Studies to Assess Ziftomenib in Combination With Ven+Aza or 7+3 in Patients With Untreated NPM1-m or KMT2A-r AML

Launched by KURA ONCOLOGY, INC. · May 28, 2025

Keywords

ClinConnect Summary

This clinical trial is studying a new drug called ziftomenib for patients with acute myeloid leukemia (AML) who have specific genetic changes. The goal is to see if adding ziftomenib to standard treatments can improve patient outcomes. There are two parts to the study: one for older patients or those with serious health issues, who will receive ziftomenib along with two other medications, and another for healthier patients, where ziftomenib will be added during different phases of their treatment. Importantly, neither the patients nor their doctors will know if they are receiving ziftomenib or a placebo (a treatment with no active drug) to ensure unbiased results.

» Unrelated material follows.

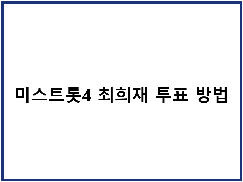 미스트롯4 최희재 님에게 투표하는 방법은 아주 간단해요. 공식적으로 안내되는 투표 절차를 따르면 누구나 쉽게 참여할 수 있습니다. 아래에서 자세한 방법을 확인해보세요.

To participate in this trial, you need to be at least 18 years old and have a confirmed diagnosis of AML. If you are older than 75 or have certain health conditions, you may qualify for the first part of the study. For the second part, you must meet specific health criteria and have particular genetic markers. Throughout the trial, participants will receive close monitoring and care, and it is essential that women use contraception during the study due to potential risks. This trial is not yet recruiting, but it represents an important step toward finding new treatments for AML.

Gender

ALL

Eligibility criteria

• Key Inclusion Criteria:
• The following criteria apply to both the Nonintensive Therapy Study and the Intensive Therapy Study unless otherwise noted:
• • Age ≥18 years at time of signing the informed consent form.
• • Diagnosis of AML per the 2022 WHO Classification of Hematolymphoid Tumors (5th Edition).
• • Eastern Cooperative Oncology Group (ECOG) performance status of 0, 1, or 2.
• • Adequate liver and kidney function according to protocol requirements.
• • A female of childbearing potential must agree to use adequate contraception from the time of screening through 180 days following the last dose of study intervention. A male with a female partner of childbearing potential must agree to use abstinence or adequate contraception from the time of screening through 90 days following the last dose of study intervention.
• * NONINTENSIVE THERAPY STUDY ONLY (VEN+AZA):
• • 1. Documented NPM1-m.
• 2. Patients considered ineligible for Intensive Therapy defined by the following:
• • i. Age ≥75, OR
• • ii. Age \<75 with an ECOG performance status of 2 or cardiac, renal, or kidney impairment per protocol criteria.
• * INTENSIVE THERAPY STUDY ONLY (7+3):
• • 1. Documented NPM1-m or KMT2A-r (KMT2A-r patients with a partial tandem duplication are not eligible).
• • 2. Documented FLT3 wild-type or ITD ratio \<0.05 OR ineligible to receive FLT3-targeted therapy (medically ineligible or mutation in which FLT3 inhibition is not SOC). Lack of access to an FLT3 inhibitor is not considered "ineligible" for FLT3-targeted therapy.
• • 3. Ejection fraction of ≥50%.
• • 4. Fit for Intensive Therapy per Investigator opinion.
• Key Exclusion Criteria:
• • Prior therapy for AML (except hydroxyurea or leukapheresis for WBC control).
• • Diagnosis of acute promyelocytic leukemia (APL), blast phase chronic myeloid leukemia, or isolated myeloid sarcoma.
• • Known history of BCR-ABL mutation.
• * History of other active concurrent malignancies prior to study entry except:
• • 1. Basal cell skin cancer or localized squamous cell cancer of the skin
• • 2. Previous malignancy confined and locally resected (or treated with other modalities) with curative intent
• • 3. Prostate or breast cancer receiving adjuvant hormonal therapy.
• • Active central nervous system (CNS) involvement by AML.
• • Clinical signs/symptoms of leukostasis or white blood cells (WBC) \>25×10\^9/L prior to start of ziftomenib/placebo. Note: Hydroxyurea and/or leukapheresis are permitted to meet this criterion.
• • Known uncontrolled HIV infection or known active hepatitis B virus, hepatitis C virus infection, or other uncontrolled infection.
• • Uncontrolled intercurrent illness including but not limited to, cardiac illness as defined in the protocol.
• • Women who are pregnant or lactating.